Absolutely. In the dev version I now attach all the attributes of the visualisation_matrix object except names, row.names, class, data, and reference (the original data is already included in the main predictions object). All attribute labels are the same, except they are prefixed by newdata_.

library(modelbased)
library(marginaleffects)
m <- lm(mpg ~ hp + factor(cyl), mtcars)
p <- predictions(m, newdata = visualisation_matrix(at = "cyl"))
attributes(p) |> names()
#>  [1] "names"                  "class"                  "row.names"             
#>  [4] "model"                  "type"                   "model_type"            
#>  [7] "variables"              "newdata_adjusted_for"   "newdata_at_specs"      
#> [10] "newdata_at"             "newdata_preserve_range" "newdata_table_title"   
#> [13] "newdata_table_footer"

@vincentarelbundock
Copy link

btw, predictions() with visualization_matrix() as arg for newdata again fails for brms-models.

@strengejacke, would you have an easy example on hand? Here’s what I got when I tried:

library(brms)
library(insight)
library(modelbased)
library(marginaleffects)
mod <- insight::download_model("brms_1")

predictions(mod, newdata = visualisation_matrix(at = "cyl = c(2, 4, 6)"))
#>   rowid     type predicted cyl      mpg      wt conf.low conf.high
#> 1     1 response  26.32771   2 20.09062 3.21725 22.44373  29.81315
#> 2     2 response  23.35533   4 20.09062 3.21725 21.28254  25.37644
#> 3     3 response  20.35782   6 20.09062 3.21725 19.38795  21.27495

@strengejacke
Copy link
Member

strengejacke commented Jan 23, 2022

library(modelbased)
library(marginaleffects)

mod <- brms::brm(mpg ~ factor(cyl) + hp, data = mtcars, refresh = 0, iter = 200)

predictions(mod, newdata = visualisation_matrix(at = "cyl"))
#> Error: Variable 'cyl' was originally numeric but is not in 'newdata'.

Created on 2022-01-23 by the reprex package (v2.0.1)

@vincentarelbundock
Copy link

I don't get the discussion about the ellipses

I think Dominique brought up the ellipses in response to my code with marginaleffects::datagrid which uses a different user-input style, based on the ellipses. You can already do the same things with visualisation_matrix, so it's only a question of style and convenience:

visualisation_matrix(mod, at = "cyl = c(4, 8)")
datagrid(mod, cyl = c(4, 8)

In terms of functionality, they're the same, so I am not advocating a change here, just noting the difference.

why we should not move vis-mat to datawizard?

IMHO, it would make more sense in datawizard.

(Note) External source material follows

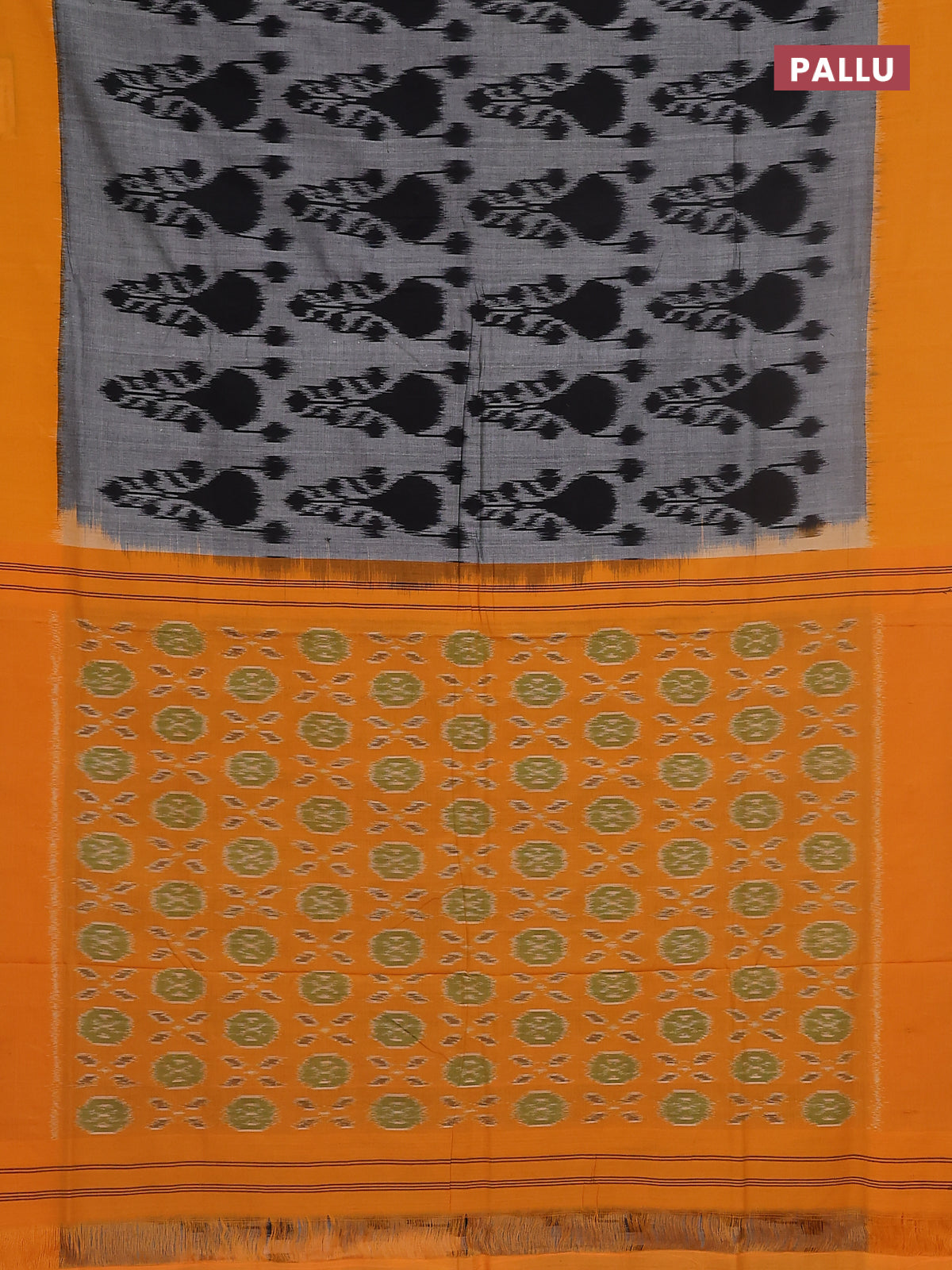 Ikat cotton saree grey and mustard yellow with allover ikat butta weaves and simple border

The main downsides are time and effort, and making sure the function is re-exported by modelbased to ensure backward compatibility for those who don't load datawizard explicitly.

So the question is: is there enough demand to justify the effort? As explained above, I'm not sure I'll use it, since I already implemented something very similar, and people can now use visualisation_matrix in newdata if they like that better. But maybe someone else will use it eventually.

@strengejacke
Copy link
Member

I think this is most likely due to this here: easystats/modelbased#161 (comment)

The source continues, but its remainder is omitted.